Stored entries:
------------------------------------------------------------------------
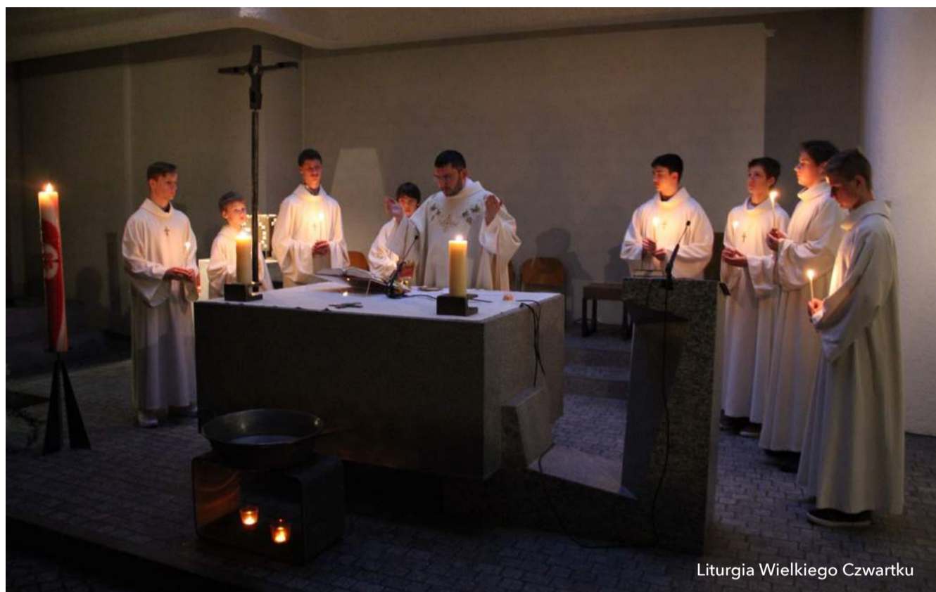
Liturgia Wielkiego Czwartku
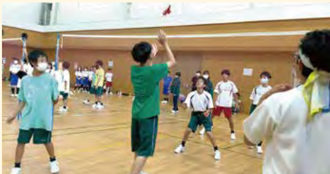
インディカ(中学丸郷行事)
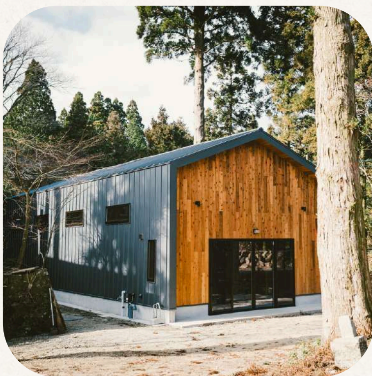
合同会社 六甲山クリエイティブラボ Mt.Rokko creative lab
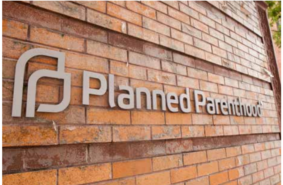
Die Planned Parenthood Federation of America (PPFA), kurz Planned Parenthood (dt. „Geplante Elternschaft“), ist eine amerikanische Non-Profit-Organisation, die in über 650 Kliniken im Land medizinische Dienste, vor allem in den Bereichen Sexualmedizin, Gynäkologie und Familienplanung anbietet.

dere frühe amerikanische Philanthropen an „philanthropische Eugenik“ glauben, also an die Idee, dass sie ihr Geld dazu verwenden könnten, Stiftungen zu gründen, die die Philosophie der Eugenik fördern würden.
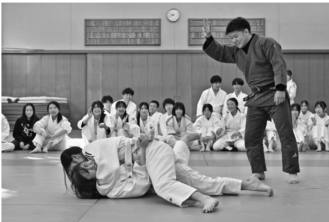
男女ともに参加する寒稽古。最終日には固技の試合を行う。
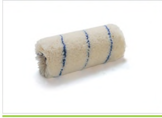
DIŞ CEPHE RULO YEDEKLERİ
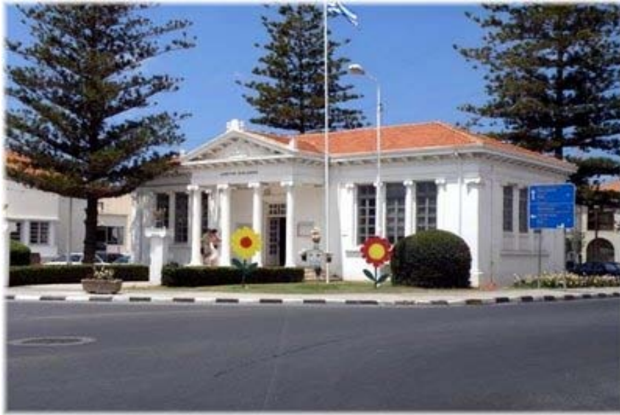
Δημοτική Βιβλιοθήκη Πάφου – Είσοδος κτηρίου
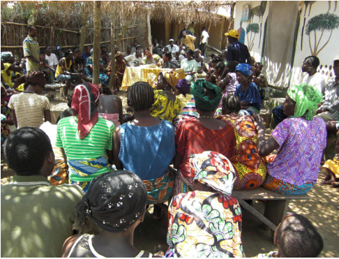
Kyläkokous Tokpa-Aizossa Aurinkosähköhankkeen asennusten käynnistämiseksi

Kyliä naiset ottivat aurinkosähkövalohankkeen omakseen ja osallistuivat runsas-
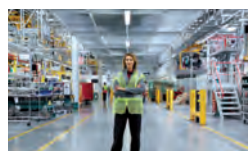
Zones de stockage
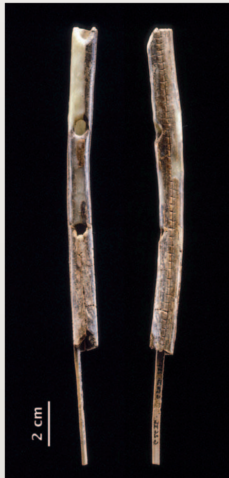
Flûte en ivoire de mammoth de la grotte de Geissenklösterle (Allemagne). Datée de 35 000 ans, c'est le plus ancien instrument de musique connu.
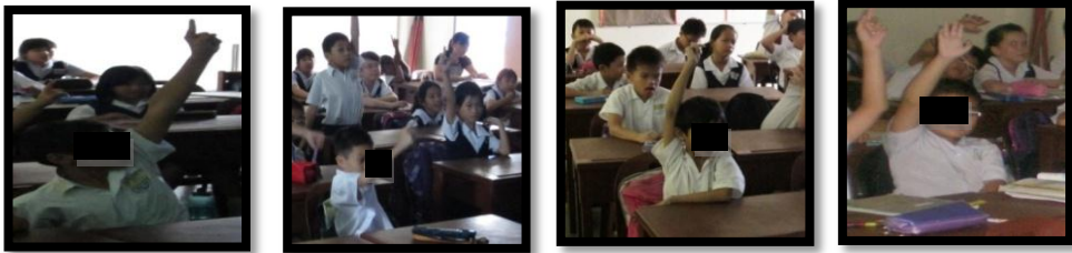
图八：四位研究对象上课时踊跃参与教学活动

图七显示四位研究对象都很专心听课，他们目不转睛地听老师讲课。从他们专心听课的模样看来，可见他们很喜欢老师的课。除此之外，图八也显示四位研究对象踊跃地参与教师所准备的活动，师生互动良好。这两张图表证明学生都很喜欢教师运用情境教学法来进行阅读课。
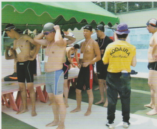
レース前の選手の確認
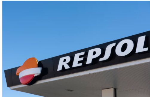
Ecopetrol anunció la compra de la participación de Repsol en un bloque petrolero ubicado en el departamento del Meta.

Según se ha podido conocer, se trataría del bloque conocido como CPO-09, el cual se extiende a lo largo de los municipios de Granada, El Dorado, El Castillo, Acacias, Castilla La Nueva, San Martín, Lejanías y Villavicencio.
------------------------------------------------------------------------
[TASK DETAILS]
Transcribe the entries above word for word, but leave every picture out of your copy.

[PROBLEM SOLUTION]
Liturgia Wielkiego Czwartku
インディカ(中学丸郷行事)
合同会社 六甲山クリエイティブラボ Mt.Rokko creative lab
Die Planned Parenthood Federation of America (PPFA), kurz Planned Parenthood (dt. „Geplante Elternschaft“), ist eine amerikanische Non-Profit-Organisation, die in über 650 Kliniken im Land medizinische Dienste, vor allem in den Bereichen Sexualmedizin, Gynäkologie und Familienplanung anbietet.

dere frühe amerikanische Philanthropen an „philanthropische Eugenik“ glauben, also an die Idee, dass sie ihr Geld dazu verwenden könnten, Stiftungen zu gründen, die die Philosophie der Eugenik fördern würden.
男女ともに参加する寒稽古。最終日には固技の試合を行う。
DIŞ CEPHE RULO YEDEKLERİ
Δημοτική Βιβλιοθήκη Πάφου – Είσοδος κτηρίου
Kyläkokous Tokpa-Aizossa Aurinkosähköhankkeen asennusten käynnistämiseksi

Kyliä naiset ottivat aurinkosähkövalohankkeen omakseen ja osallistuivat runsas-
Zones de stockage
Flûte en ivoire de mammoth de la grotte de Geissenklösterle (Allemagne). Datée de 35 000 ans, c'est le plus ancien instrument de musique connu.
图八：四位研究对象上课时踊跃参与教学活动

图七显示四位研究对象都很专心听课，他们目不转睛地听老师讲课。从他们专心听课的模样看来，可见他们很喜欢老师的课。除此之外，图八也显示四位研究对象踊跃地参与教师所准备的活动，师生互动良好。这两张图表证明学生都很喜欢教师运用情境教学法来进行阅读课。
レース前の選手の確認
Ecopetrol anunció la compra de la participación de Repsol en un bloque petrolero ubicado en el departamento del Meta.

Según se ha podido conocer, se trataría del bloque conocido como CPO-09, el cual se extiende a lo largo de los municipios de Granada, El Dorado, El Castillo, Acacias, Castilla La Nueva, San Martín, Lejanías y Villavicencio.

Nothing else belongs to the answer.